To aid us in the continuous monitoring process, we rely on a variety of tools. For instance, we utilize products like Statuscake to automatically track uptime and performance metrics. Additionally, tools like Siteimprove and Accessibe allow us to promptly identify and address any accessibility concerns. Similarly, real-time security tracking tools are employed to ensure the websites are secure. Furthermore, we have developed proprietary in-house tools to monitor SEO issues and respond promptly to any detected problems.
Automating the visual testing of a website is a formidable challenge due to the constant updates made by marketing teams. A website update doesn't necessarily mean that it's "broken". Here are a few examples that illustrate this point:
- The marketing team replaces the main image in the homepage hero section.
- A new news article is published and displayed on the homepage.
- The copy for a product description on the homepage is altered.
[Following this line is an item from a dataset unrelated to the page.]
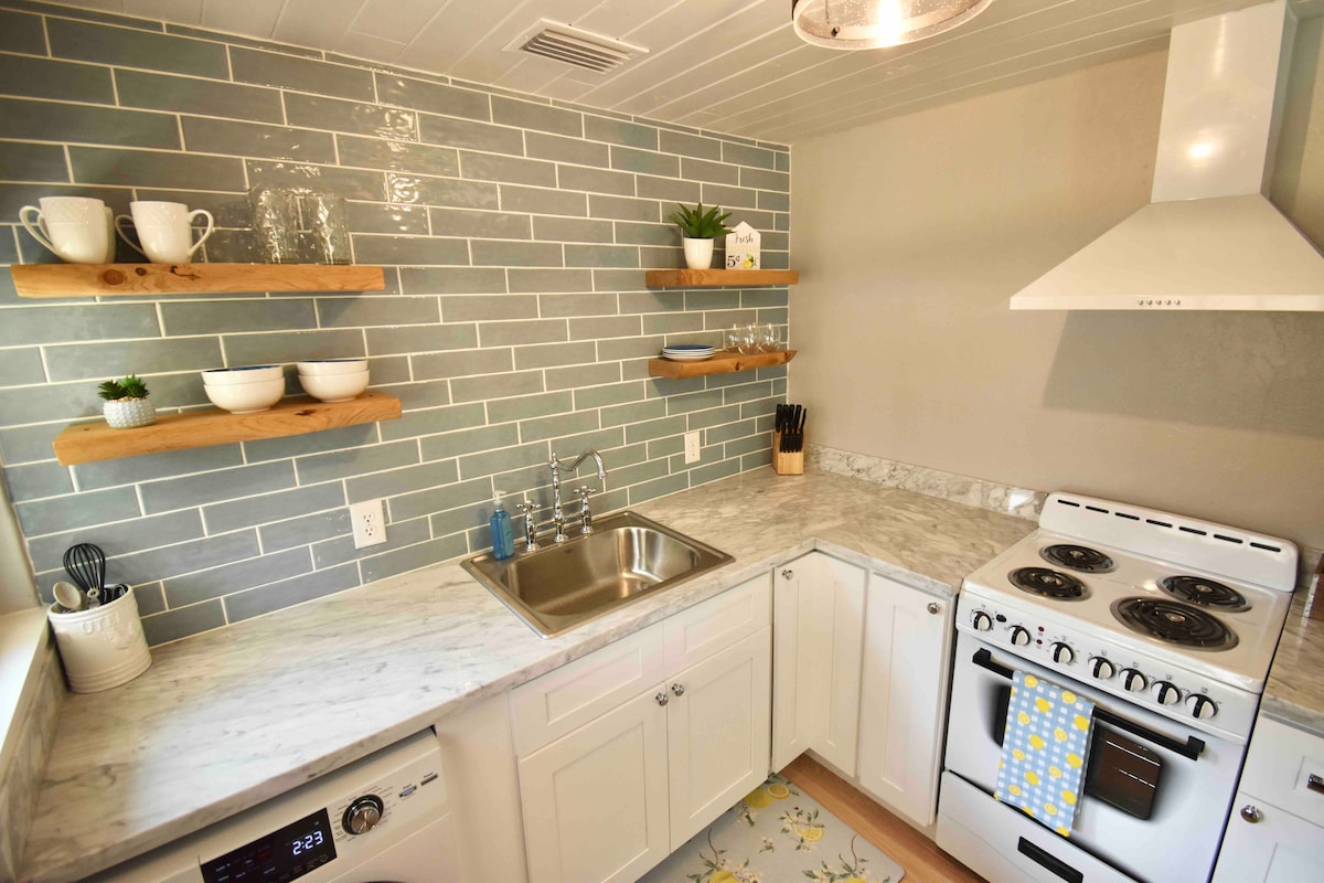 Enjoy the bright living room stocked with fun family games, like Twister, you can play near the cozy fireplace. The master bedroom with king bed has an en suite bath and walk in closet. The full kitchen has all you need from a stove/oven, microwave, dishwasher, full size fridge, coffee maker and dining room. The private laundry room has a washer and dryer. The favorite space is outdoors! Enjoy the front and back porch with classic white rocking chairs and ceiling fan. Perfect for an evening of just watching passerby’s and relaxing. The backyard includes a fire pit and lawn chairs underneath twinkling string lights.

It's evident that none of these examples indicate a "broken" webpage. However, if we were to automate the process of identifying changes by comparing the current HTML of a webpage with a prior version, we would observe differences in the HTML structure. As a result, the tool could generate a "False Positive" and wrongly indicate that the webpage is broken when it's actually not.
Why Image Recognition?
Using image recognition for website visual testing can offer several advantages over traditional testing methods, particularly when it comes to detecting visual discrepancies and improving the overall user experience. Some reasons to consider using image recognition for website visual testing include:
- Faster detection of visual issues: Image recognition can quickly and automatically identify layout discrepancies, incorrect font rendering, color issues, or broken images, which might be difficult to spot through manual testing or traditional functional testing methods.
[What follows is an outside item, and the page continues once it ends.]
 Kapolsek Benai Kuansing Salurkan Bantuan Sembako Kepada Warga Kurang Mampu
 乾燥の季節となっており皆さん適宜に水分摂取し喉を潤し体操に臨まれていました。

- Comprehensive testing: Image recognition allows for more extensive testing across multiple devices, screen resolutions, and browsers, ensuring that your website looks and performs consistently for a wider range of users.
- Objectivity: Automated visual testing using image recognition eliminates human subjectivity, reducing the chances of human error and inconsistencies in test results.
- Time and cost savings: Automating the visual testing process can significantly reduce the time and effort required for manual testing, freeing up your team to focus on other important tasks and speeding up the overall development process.
- Improved collaboration: Visual testing results can be easily shared with team members, allowing developers and designers to collaborate more effectively to resolve issues and maintain a consistent visual appearance across the website.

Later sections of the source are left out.